JDS Uniphase jumps into triple-play testing with Acterna acquisition

May 24, 2005
May 24, 2005 Germantown, MD, and San Jose -- JDS Uniphase yesterday entered into a definitive agreement to acquire privately held test and measurement company Acterna for $760 million. According to JDS Uniphase representatives, the acquisition will accelerate the company's path to profitability as well as enable it to tap into the lucrative market for triple-play testing, reports Senior News Editor Meghan Fuller.

May 24, 2005 Germantown, MD, and San Jose -- JDS Uniphase yesterday entered into a definitive agreement to acquire privately held test and measurement company Acterna for $760 million. According to JDS Uniphase representatives, the acquisition will accelerate the company's path to profitability as well as enable it to tap into the lucrative market for triple-play testing, reports Senior News Editor Meghan Fuller.

Before the Acterna acquisition, JDS Uniphase's test and measurement division represented just a single-digit percentage of the company's overall communications business. But that is about to change, says David Gudmundson, JDS Uniphase's senior vice president of corporate development and marketing.

"Among other things, Acterna's participation in the triple-play area of voice, video, and data--particularly with the opportunities in the optical area and especially FTTH products--absolutely drew us," says Gudmundson.

"Our FTTx business is a growing and healthy business, and our fiber-optic business has performed very well over the last year," adds John Peeler, president and CEO of Acterna. "In addition, we really test all the different aspects of IP services or triple- play services over the broadband network, from video to VoIP to data services. We're working with network operators both in the US and in Europe on triple-play service delivery and broadband networks. There's a lot of growth there for us, and we're excited about the future."

The acquisition also is expected to accelerate JDS Uniphase's path to profitability. Acterna may not have much cash on hand ($75 million), but it has a sound business model that has led to double-digit growth in the past year, says Peeler. Based on preliminary results for fiscal year ended March 2005, Acterna's revenue exceeded $440 million with gross margins over 50%. The company also experiences high revenue per employee.

"Acterna has a leading share in the communications T&M market," maintains Galen Wampler, president of industry research firm Prime Data (Carlsbad, CA). "The industry addressed by Acterna represents a $2.6 billion market expected to grow at a five to ten percent compounded annual growth rate over the next five years," he says. As a result, JDS Uniphase expects to double the size of its addressable market to over $5 billion.

According to Gudmundson, the companies' customer bases are very complimentary. "Acterna has a strong presence on the end user, on the service provider in telecom and cable, whereas JDSU focused more on the system manufacturers that actually sell to the customers that Acterna sells to," he says. Together, the companies will have 4,000 customers worldwide.

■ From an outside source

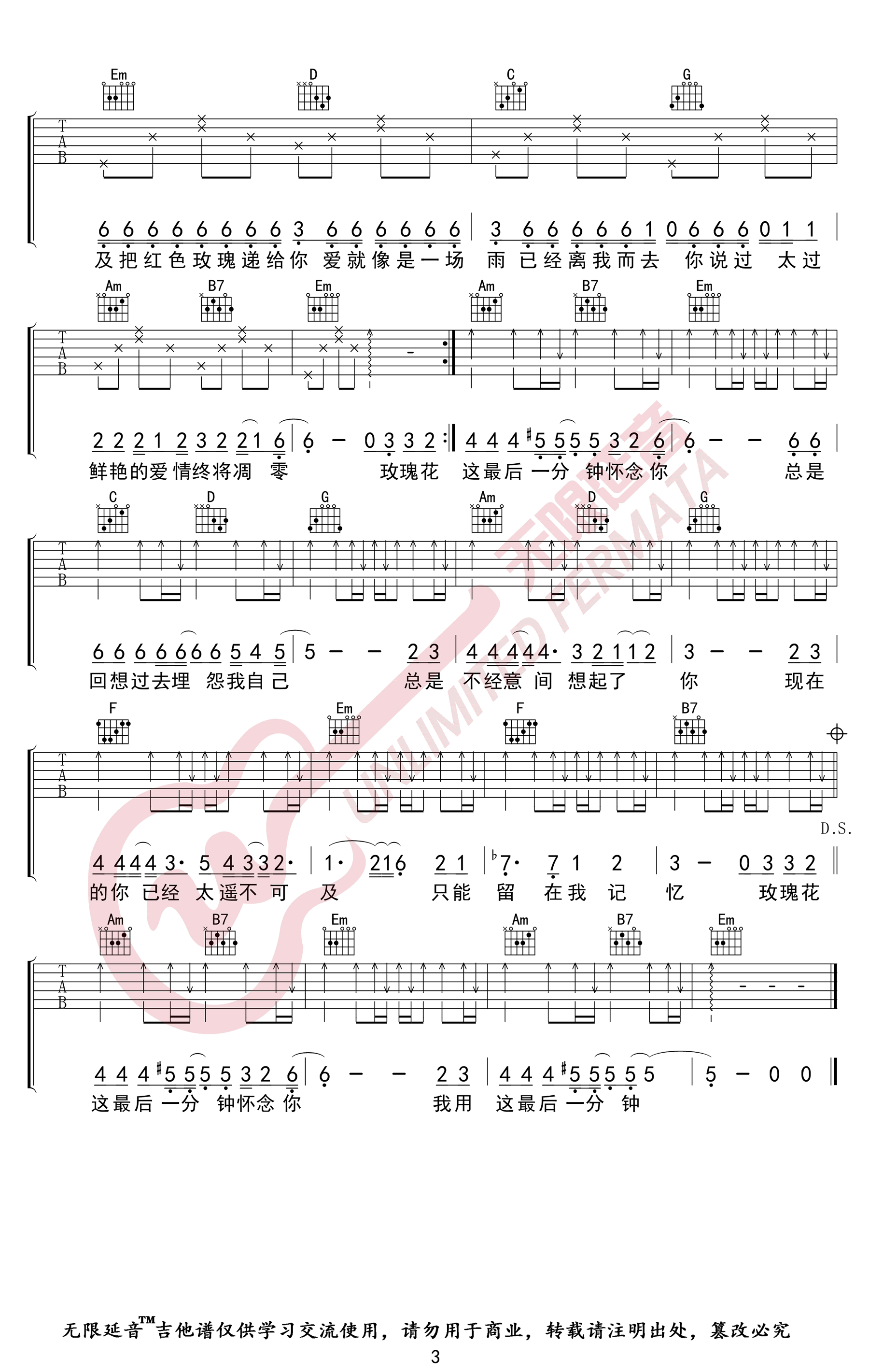 曲谱介绍: 《玫瑰花的葬礼》吉他谱,许嵩演唱,原调A,变调夹夹二品,选用G调指法。玫瑰花的葬礼六线谱,无限延音编配出品,整理上传。 这是当年很火的一首“非主流”歌曲,承载了很多人的青春回忆。也许你也是因为这首歌而认识了许嵩,也成了他的粉丝。轻快的节奏,悲伤的主题,符合了时下青少年躁动的心理和对爱情懵懂的认知,在当年可以说是家喻户晓。

For its part, Acterna had been pursuing either an IPO or M&A strategy, reports Peeler, in part because its investors were pushing a liquidity event. "But more importantly, we needed a source of capital to continue to grow the business to give us some opportunity to do some additional acquisitions," he says. "We've been really driving the company to get to a strategic outcome that would enable us to do both of those things."

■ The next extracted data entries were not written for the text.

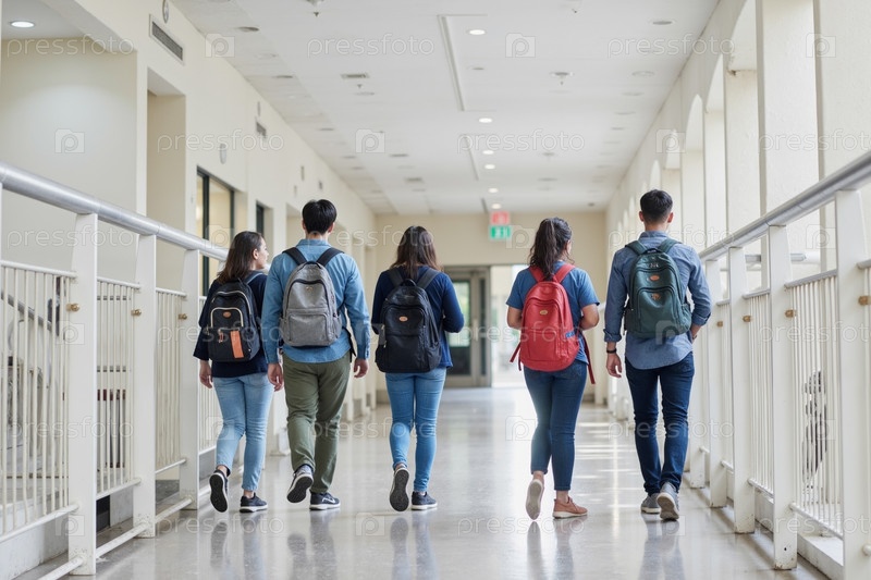 Группа многонациональных подростков, идущих по школьному коридору с рюкзаками
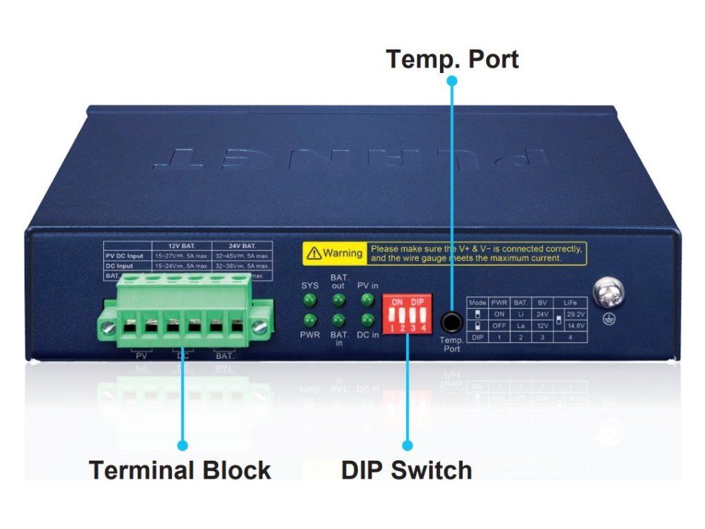 1/2 piny pro PV (fotovoltaické) panely + některé typy generátorů (vodní či větrné), piny 3/4 pro DC napájení, piny 5/6 pro nabíjení/vybíjení baterie. K dispozici je DIP switch na přední straně, pomocí kterého lze konfigurovat PoE a VLAN. DIP switch na zadní straně pak slouží k nastavení typu a napětí baterie.
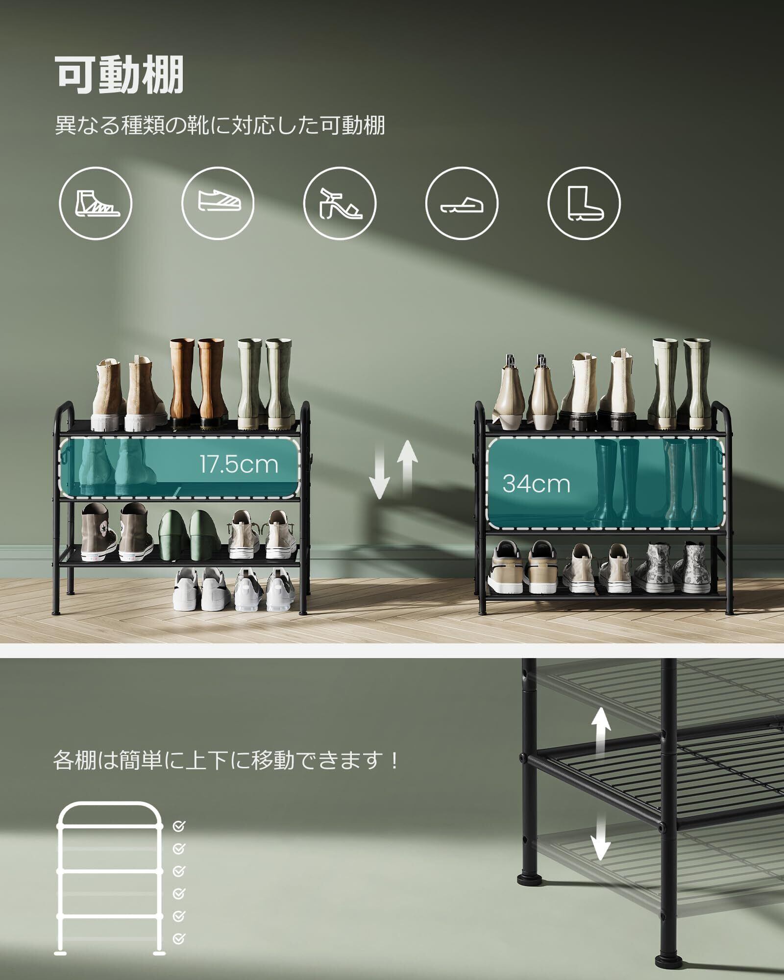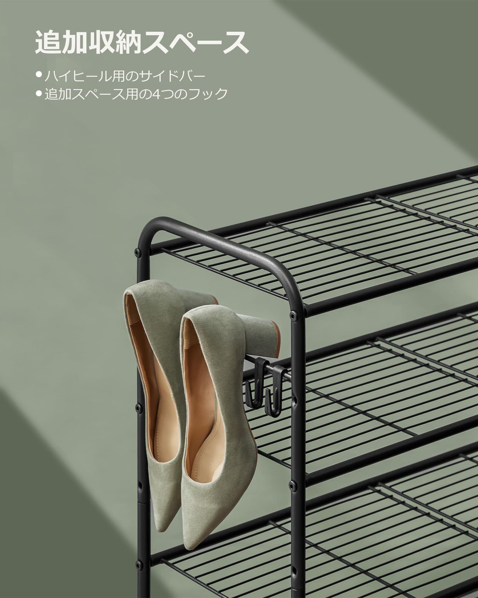 【靴の簡単な収納】 この調整可能なメタルシェルフの各層は、快適に3〜4足の靴を収納するのに十分な広さがあります。お気に入りの靴に簡単にアクセスし、きちんと収納出来ます!
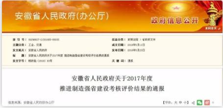 今天(5月25日),2018世界制造业大会和2018中国国际徽商大会将在合肥拉开帷幕。前天,安徽省人民政府公布了2017年度 推进制造强省建设考核评价结果的通报。 考核认定:肥西县等为全省制

Moreover, he says, "there's a tremendous amount of optical technology in JDSU that we think will benefit Acterna. And there's a tremendous amount of world-class testing technology at Acterna that I think can benefit JDSU."

While JDS Uniphase and Acterna stand to benefit from the acquisition, both are quick to note that their customers will benefit as well. "If you think about the product and the network architecture, our combination of JDSU and Acterna addresses network deployments at the physical layer all the way up through the stack," says Gudmundson. "So from the point of view of next-generation networks and sensitivities to those networks and their requirements, we feel like the combination is definitely much stronger. Together, we are much better equipped to enable the deployment of those types of networks."

Acterna, which employs approximately 1,770 employees worldwide, will become JDS Uniphase's Communications T&M Group, under the direction of Peeler.

--MJF

Sponsored Recommendations

Scaling Moore’s Law and The Role of Integrated Photonics

April 8, 2024
Intel presents its perspective on how photonic integration can enable similar performance scaling as Moore’s Law for package I/O with higher data throughput and lower energy consumption...

Coherent Routing and Optical Transport – Getting Under the Covers

April 11, 2024
Join us as we delve into the symbiotic relationship between IPoDWDM and cutting-edge optical transport innovations, revolutionizing the landscape of data transmission.

Supporting 5G with Fiber

April 12, 2023
Network operators continue their 5G coverage expansion – which means they also continue to roll out fiber to support such initiatives. The articles in this Lightwave On ...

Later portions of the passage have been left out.